Awesome! I will try to play with that tomorrow.

It does lose support for returning Boxed variants (might be possible to support, but I'm not very good with whatever sort of trait based trickery might be used to detect whether or not the return type is Box).

Instead of trying to detect it, you could keep the boxed argument and use that instead.

It also almost certainly has terrible error messages if it fails to compile.

You are probably right. Personally, I try to avoid Boxing as much as possible (because of the allocation) but it does have valid use cases so I think it will be good to keep.

My current implementation would basically end up looking like what you wrote without the use, it's still going via Result internally instead of using future adapters.

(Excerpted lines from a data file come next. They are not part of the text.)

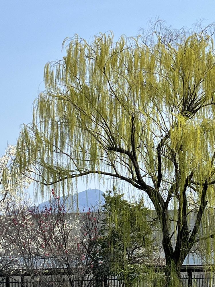 私は大芝生広場の手前のシダレエンジュの木を透かして見る比叡山がお気に入りです😄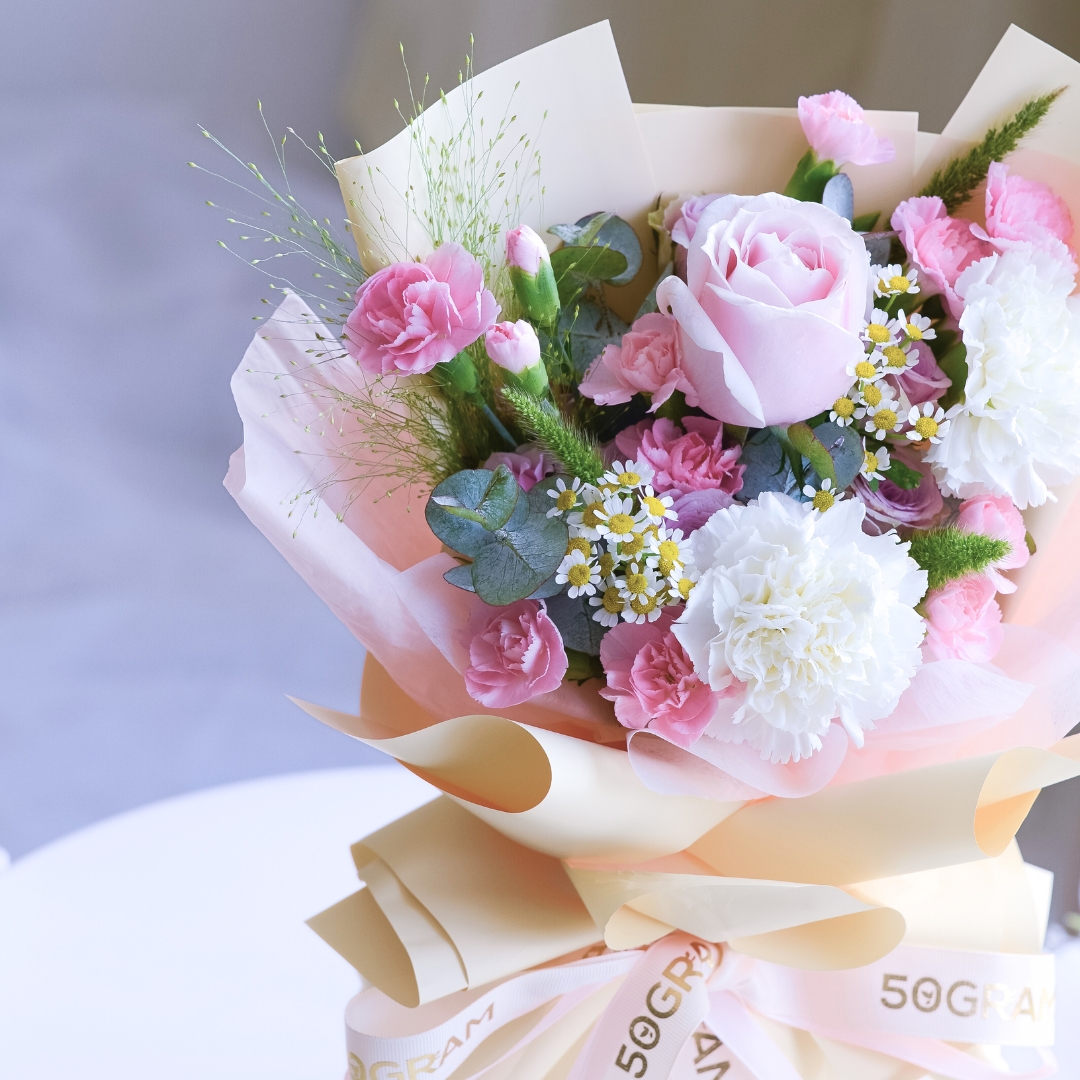 The Large size comes with Gerbera Pink x 1, Pink Rose x 5, White Carnation x 3, Spray Rose Purple, Chamomile, Spray Carnation Pink, Eustoma 2 Tone Pink, Fountain Panicum & Eucalyptus.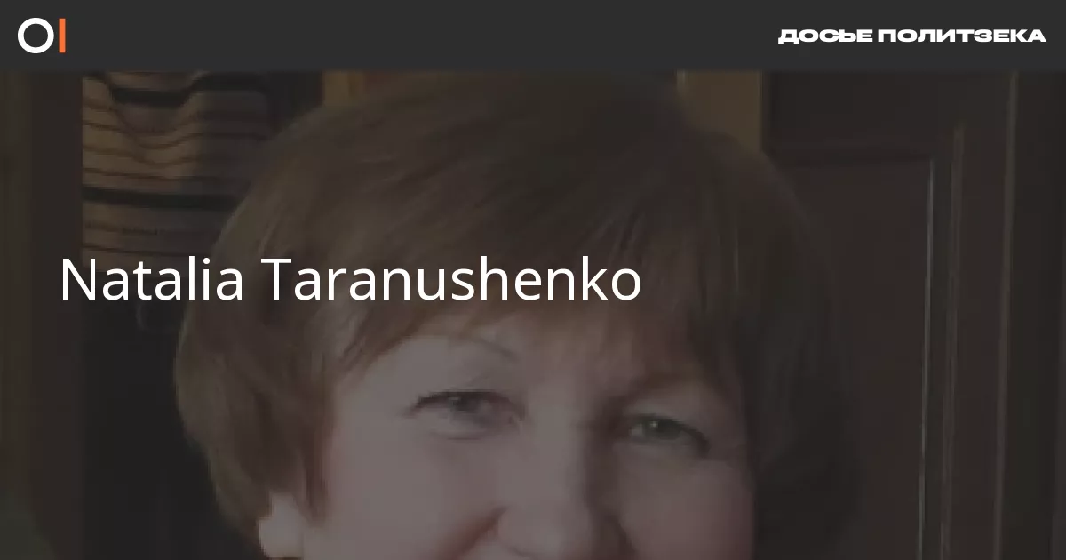 A teacher of Russian language and literature at secondary educational school No. 1 in Protvino (Moscow Region). In June 2024, it became known that a case was opened against her for spreading deliberately false information about the Russian Armed Forces: according to the investigation, she showed her pupils a video with footage of the invasion of Ukraine. Later it was reported that she left Russia. On 13 July 2024, Taranushenko was detained in Armenia at the airport before departure. She was released under an obligation to appear. On 23 June 2025, Taranushenko was sentenced in absentia to seven years in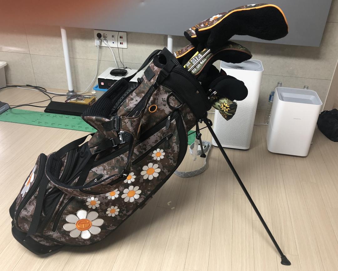 가방은 타이틀리스트 저렴한 모델로 보이며, 프레임에 스카티 커스텀 샵에서 오바로크를 친 커버를 씌운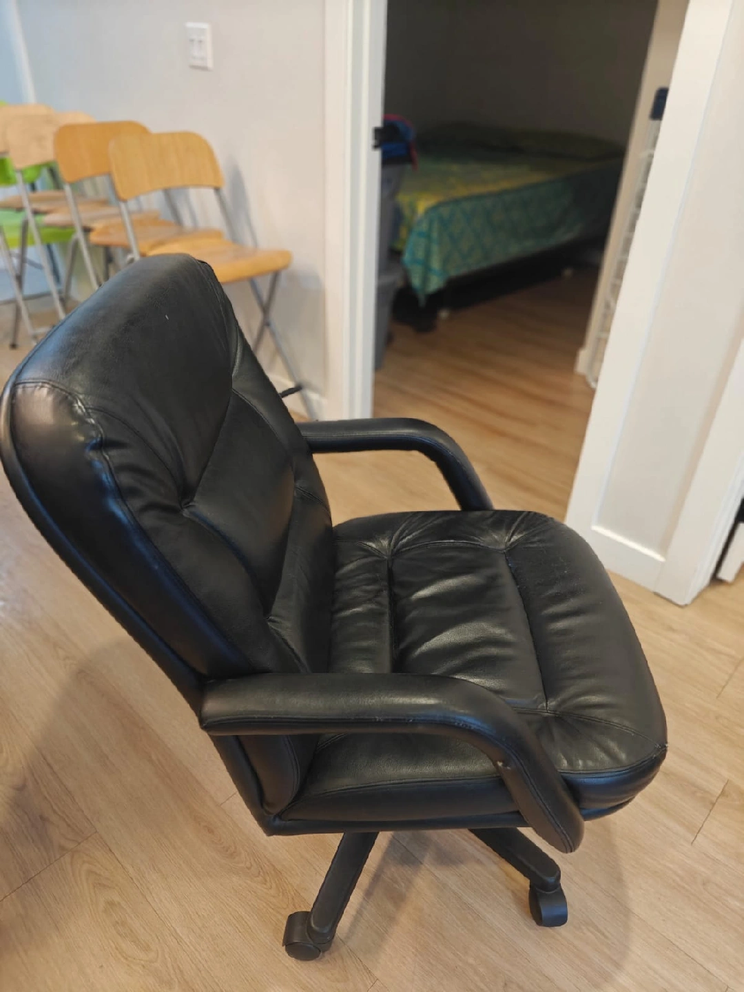 Looking to sell this black office chair. It's in good condition and ready for a new home office setup. It has a padded seat and back for extra comfort, plus it swivels and has wheels for easy movement around your workspace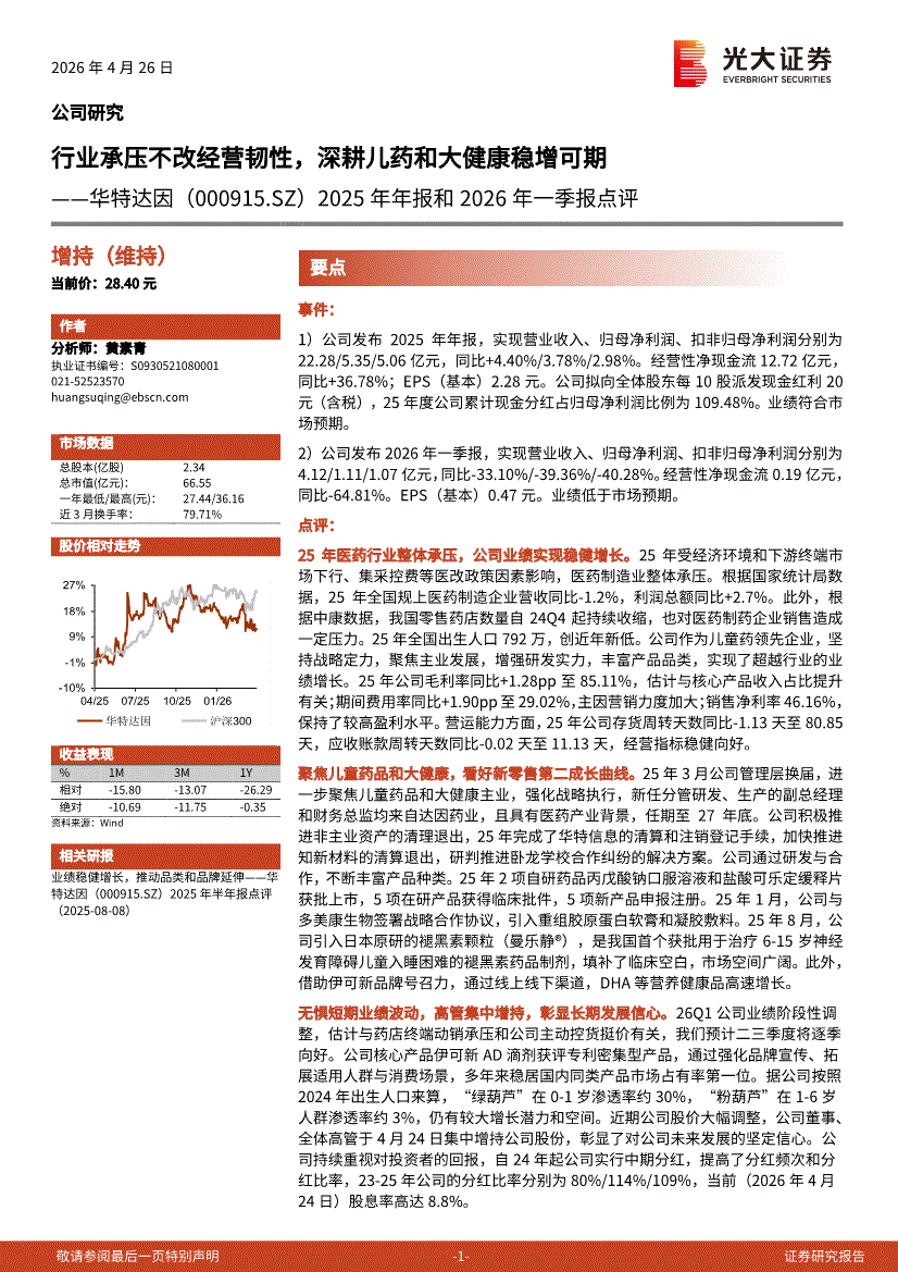 华特达因:光大证券-华特达因-000915-2025年年报和2026年一季报点评:行业承压不改经营韧性,深耕儿药和大健康稳增可期-260426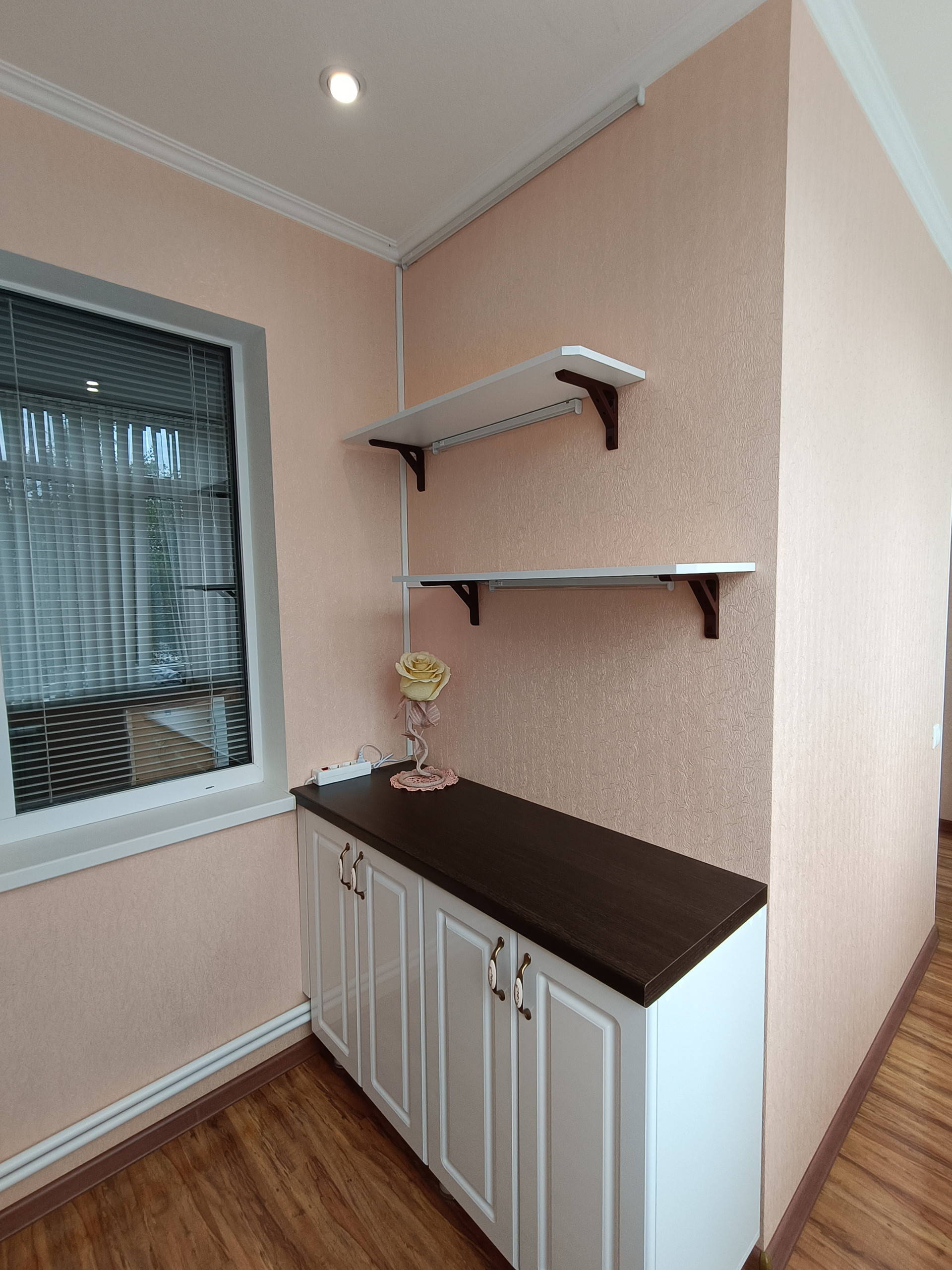 Большая отапливаемая лоджия (примерно 5 кв.м.), как отдельная небольшая комната со встроенной мебелью.

In my example I was using the futures adapters to show that you could still write code that returns Futures using the current style. However, I was hoping that the code would actually be able to return any implementation of a Future when returning impl Future<...> and any implementation of a Stream when returning impl Stream<...>. So code like

#[async]
fn fetch_rust_lang(client: hyper::Client) -> impl Future<Item=String, Error=io::Error> {
    // While this example is so trivial that you don't really need to use the `async`
    // macro, we are only interested in what is being returned. Pretend that there
    // is lots of other code above this line that `async` helps you write more easily.
    client.get("https://www.rust-lang.org")
}

would still be valid. If we manage to achieve this, then we would be able satisfy @alexcrichton's goal of being able to return anything that's in the declared return type at any point in the body. Even more importantly, I think, returning Futures and Streams directly would remove any need to await at the end of the function (so we can get a Result). This is a performance win when you want to use the output of that function inside other async code.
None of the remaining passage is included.